_Problem description_
Once the images are set aside, output the listing exactly as it stands.

_The data_
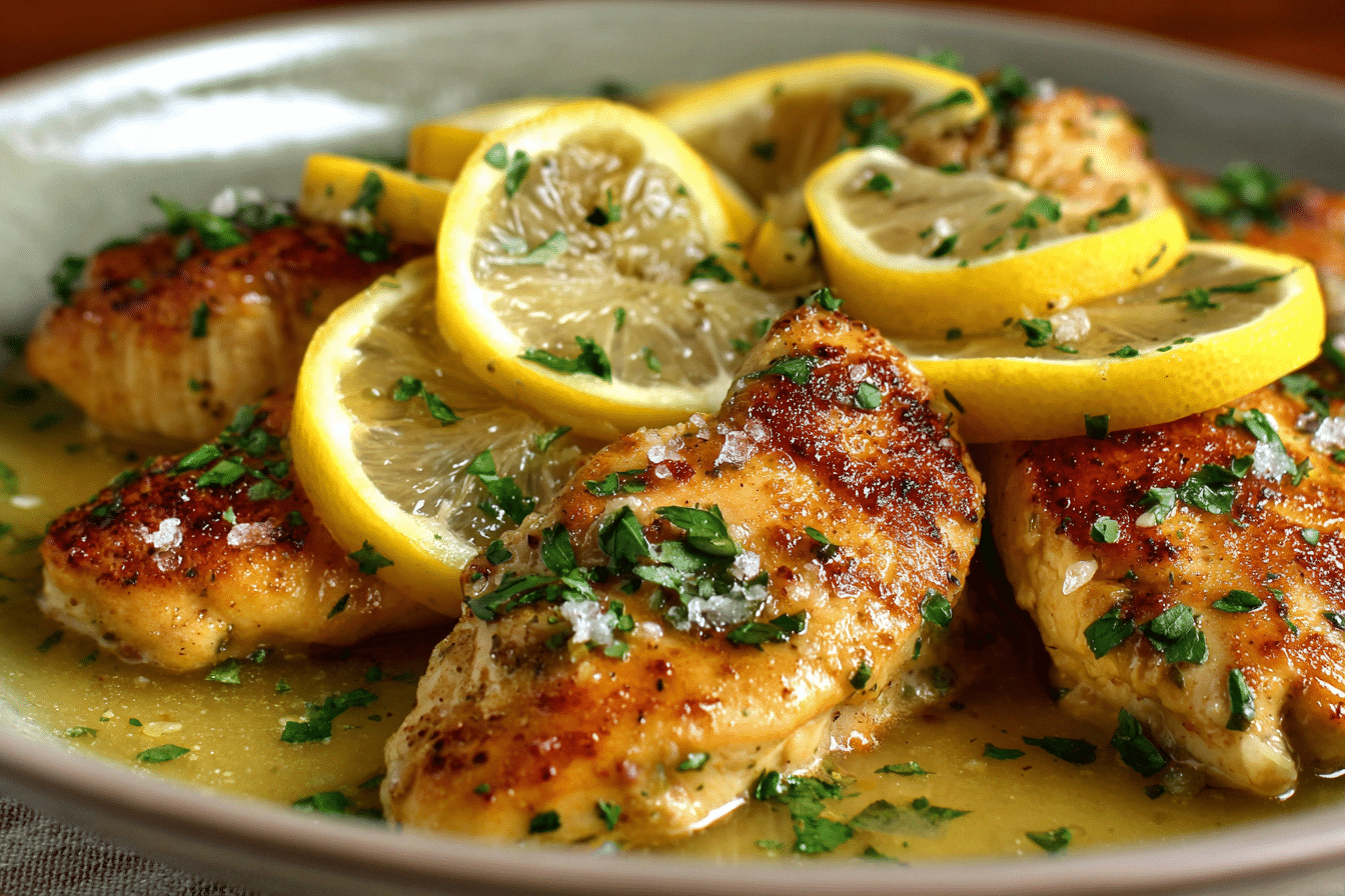 Pan-seared chicken breasts simmered in a silky, bright lemon butter sauce with garlic, broth, and a hint of cream. Perfect for pasta, rice, or vegetables.
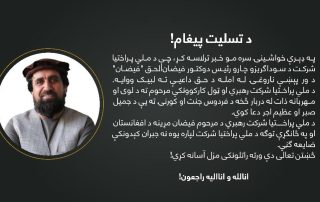 په ډېرې خواشینۍ سره مو خبر ترلاسه کړ، چې د ملي پراختيا شرکت د سوداګريزو چارو رئیس دوکتور فیضانالحق "فیضان" د ور پېښې ناروغۍ له امله د حق داعیې ته لبیک ووایه. د ملي پراختيا شرکت رهبري او ټول کارکوونکي مرحوم ته د لوی او مهربانه ذات له دربار څخه د فردوس جنت او کورنۍ ته یې د جمیل صبر او عظیم اجر دعا کوي. د ملي پراختيا شرکت رهبري د مرحوم فيضان مړينه د افغانستان او په ځانګړې توګه د ملي پراختيا شرکت لپاره یوه نه جبران کېدونکې ضایعه ګڼي. څښتن تعالی دې ورته راتلونکی مزل آسانه کړي! انا لله وانا الیه راجعون!
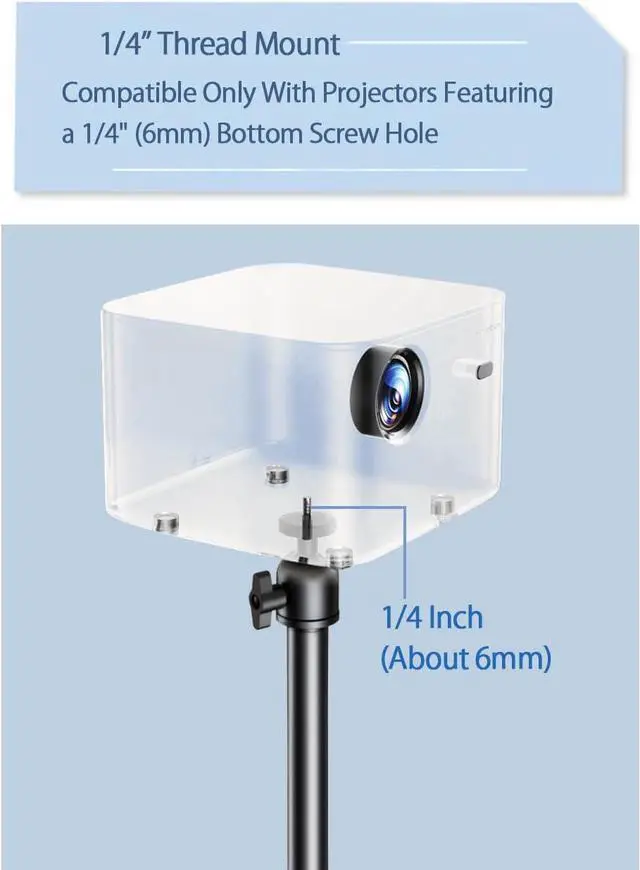 Stable Projector StandThis floor projector stand is made of high-quality carbon steel, Stainless coating, Anti-shake Design and Thickened Tube with a loading capacity 11 lbs /5 kg. (Note: Compatible only with projectors featuring a 6mm bottom center screw hole. Please check before purchasing.)

_Written reply_
 Pan-seared chicken breasts simmered in a silky, bright lemon butter sauce with garlic, broth, and a hint of cream. Perfect for pasta, rice, or vegetables.
 په ډېرې خواشینۍ سره مو خبر ترلاسه کړ، چې د ملي پراختيا شرکت د سوداګريزو چارو رئیس دوکتور فیضانالحق "فیضان" د ور پېښې ناروغۍ له امله د حق داعیې ته لبیک ووایه. د ملي پراختيا شرکت رهبري او ټول کارکوونکي مرحوم ته د لوی او مهربانه ذات له دربار څخه د فردوس جنت او کورنۍ ته یې د جمیل صبر او عظیم اجر دعا کوي. د ملي پراختيا شرکت رهبري د مرحوم فيضان مړينه د افغانستان او په ځانګړې توګه د ملي پراختيا شرکت لپاره یوه نه جبران کېدونکې ضایعه ګڼي. څښتن تعالی دې ورته راتلونکی مزل آسانه کړي! انا لله وانا الیه راجعون!
 Stable Projector StandThis floor projector stand is made of high-quality carbon steel, Stainless coating, Anti-shake Design and Thickened Tube with a loading capacity 11 lbs /5 kg. (Note: Compatible only with projectors featuring a 6mm bottom center screw hole. Please check before purchasing.)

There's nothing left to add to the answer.